Ms Gilmore also complained that press reports of the issue implied that those dropping claims were doing so because they had never really been ill.

In his letter, Mr Dilnot pointed to research by the Department for Work and Pensions (DWP), which found that "an important reason" why claims were withdrawn before assessments were completed was that "the person recovered and either returned to work or claimed a benefit more appropriate to their situation".

In the press release, Mr Shapps said: "Our reforms are about freeing people from a system of dependency that's trapped them and their families for decades - and people are getting back into work as a result. These figures demonstrate how the welfare system was broken under Labour and why our reforms are so important."
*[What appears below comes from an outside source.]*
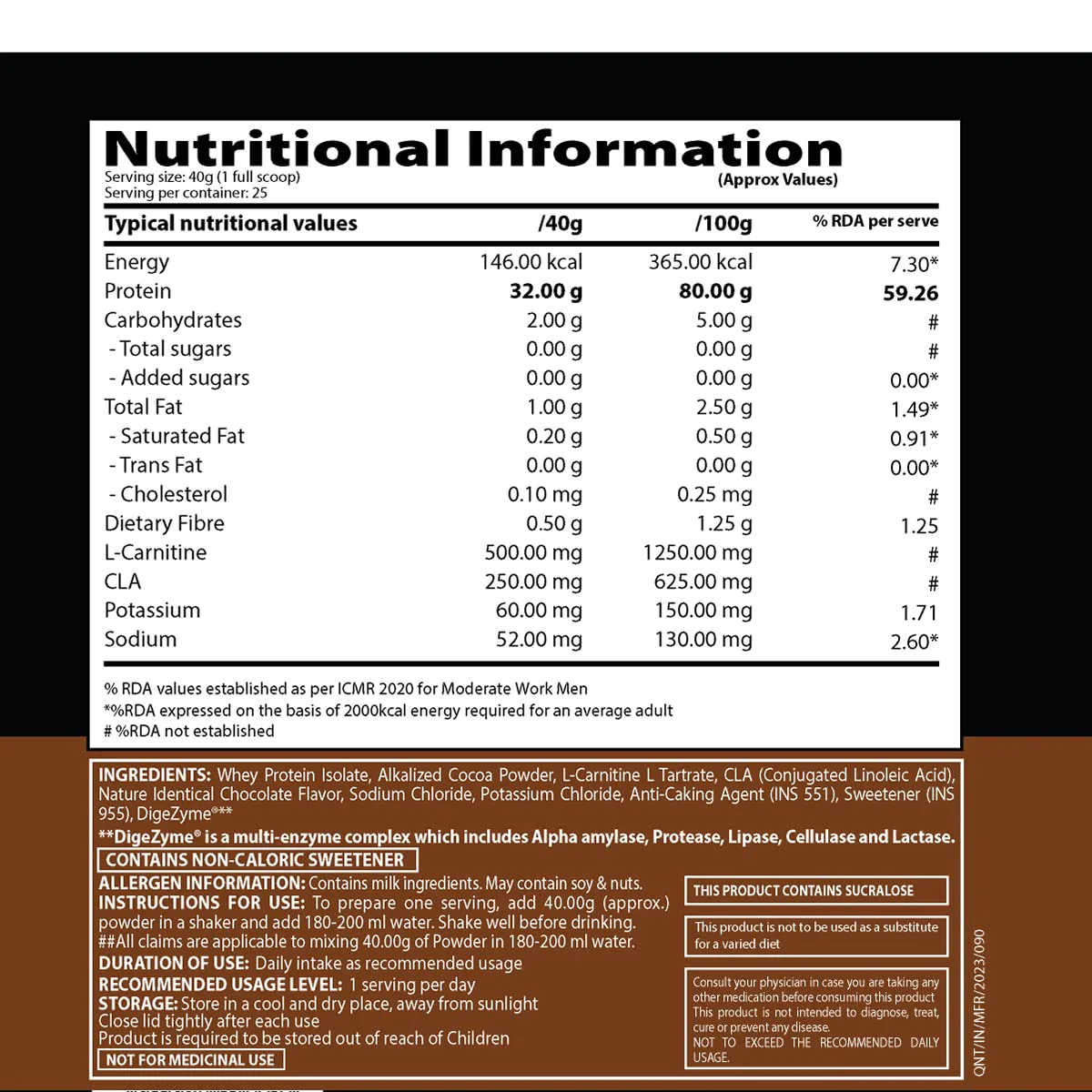 Whey Protein Isolate, Alkalized Cocoa Powder, L-Carnitine L-Tartrate, CLA (Conjugated Linoleic Acid), Nature Identical Chocolate Flavor, Sodium Chloride, Potassium Chloride, Anti Caking Agent (INS 551), Sweetener (INS 955), DigeZyme

But Mr Dilnot found: "Having reviewed the article and the relevant figures, we have concluded that these statements appear to conflate official statistics relating to new claimants of the ESA with official statistics on recipients of the incapacity benefit (IB) who are being migrated across to the ESA.

"According to official statistics published by the Department for Work and Pensions (DWP) in January 2013, a total of 603,600 recipients of IB were referred for reassessment as part of the migration across to ESA between March 2011 and May 2012. Of these, 19,700 claims were closed prior to a work capability assessment in the period to May 2012.

"The figure of 'nearly 900,000' referenced in the article appears to refer to the cumulative total of 878,300 new claims for the ESA (i.e. not pre-existing IB recipients) which were closed before undergoing assessment in the period from October 2008 to May 2012."

Mr Byrne said: "This is a Government that doesn't like to let the facts get in the way of a good story.

"Grant Shapps may know a thing or two about making things up but it really is outrageous that the Tories have been caught yet again misusing statistics for their own ends. People want a Government that deals with the problems facing Britain, with a plan for getting growth and jobs in our economy, not one that repeatedly misleads the public.

"Grant Shapps needs to come clean and apologise for trying to pull the wool over people's eyes."

A Conservative spokesman said: “As Andrew Dilnot has said in his letter, DWP research shows that 'an important reason why ESA claims in this sample were withdrawn or closed before they were fully assessed was because the person recovered and either returned to work, or claimed a benefit more appropriate to their situation.

“This Government is fixing the welfare system to make work pay. We're capping benefits so that no out-of-work household can claim more than the average working family earns and introducing Universal Credit so it always pays to work.

“The same old Labour Party have opposed every single measure we've taken to fix welfare.”